Tianjin Key Laboratory of Intelligence Computing and Novel Software Technology, Tianjin University of Technology, Tianjin, 300384, China.
Tianjin Key Laboratory of Intelligence Computing and Novel Software Technology, Tianjin University of Technology, Tianjin, 300384, China; Key Laboratory of Computer Vision and System, Ministry of Education, China.
Neural Netw. 2022 Feb;146:120-129. doi: 10.1016/j.neunet.2021.11.017. Epub 2021 Nov 22.

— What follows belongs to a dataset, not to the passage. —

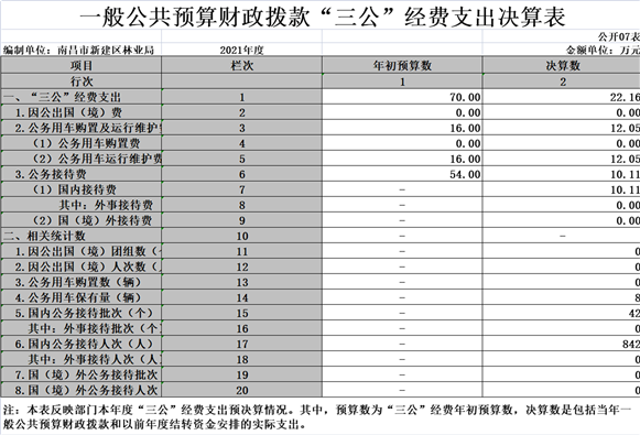 “三公”經費:反映財政撥款安排的因公出國(境)費、公務用車購置及運行費和公務接待費。其中,因公出國(境)費反映單位公務出國(境)的國際旅費、國外城市間交通費、住宿費、伙食費、培訓費、公雜費等支出;公務用車購置及運行費反映單位公務用車車輛購置支出(含車輛購置稅)及租用費、燃料費、維修費、過路過橋費、保險費、安全獎勵費用等支出;公務接待費反映單位按規定開支的各類公務接待(含外賓接待)支出。

Dense video captioning aims to automatically describe several events that occur in a given video, which most state-of-the-art models accomplish by locating and describing multiple events in an untrimmed video. Despite much progress in this area, most current approaches only encode visual features in the event location phase and they neglect the relationships between events, which may degrade the consistency of the description in the identical video. Thus, in the present study, we attempted to exploit visual-audio cues to generate event proposals and enhance event-level representations by capturing their temporal and semantic relationships. Furthermore, to compensate for the major limitation of not fully utilizing multimodal information in the description process, we developed an attention-gating mechanism that dynamically fuses and regulates the multi-modal information. In summary, we propose an event-centric multi-modal fusion approach for dense video captioning (EMVC) to capture the relationships between events and effectively fuse multi-modal information. We conducted comprehensive experiments to evaluate the performance of EMVC based on the benchmark ActivityNet Caption and YouCook2 data sets. The experimental results showed that our model achieved impressive performance compared with state-of-the-art methods.
密集视频字幕旨在自动描述给定视频中发生的几个事件,大多数最先进的模型通过在未经修剪的视频中定位和描述多个事件来实现这一目标。尽管在这一领域取得了很大进展,但大多数当前的方法仅在事件定位阶段对视觉特征进行编码,而忽略了事件之间的关系,这可能会降低同一视频中描述的一致性。因此,在本研究中,我们试图利用视觉-音频线索生成事件提案,并通过捕捉它们的时间和语义关系来增强事件级别的表示。此外,为了弥补在描述过程中未能充分利用多模态信息的主要限制,我们开发了一种注意力门控机制,该机制可以动态融合和调节多模态信息。总之,我们提出了一种基于事件的多模态融合方法(EMVC)用于密集视频字幕,以捕捉事件之间的关系并有效地融合多模态信息。我们基于基准 ActivityNet Caption 和 YouCook2 数据集进行了全面的实验来评估 EMVC 的性能。实验结果表明,与最先进的方法相比,我们的模型取得了令人印象深刻的性能。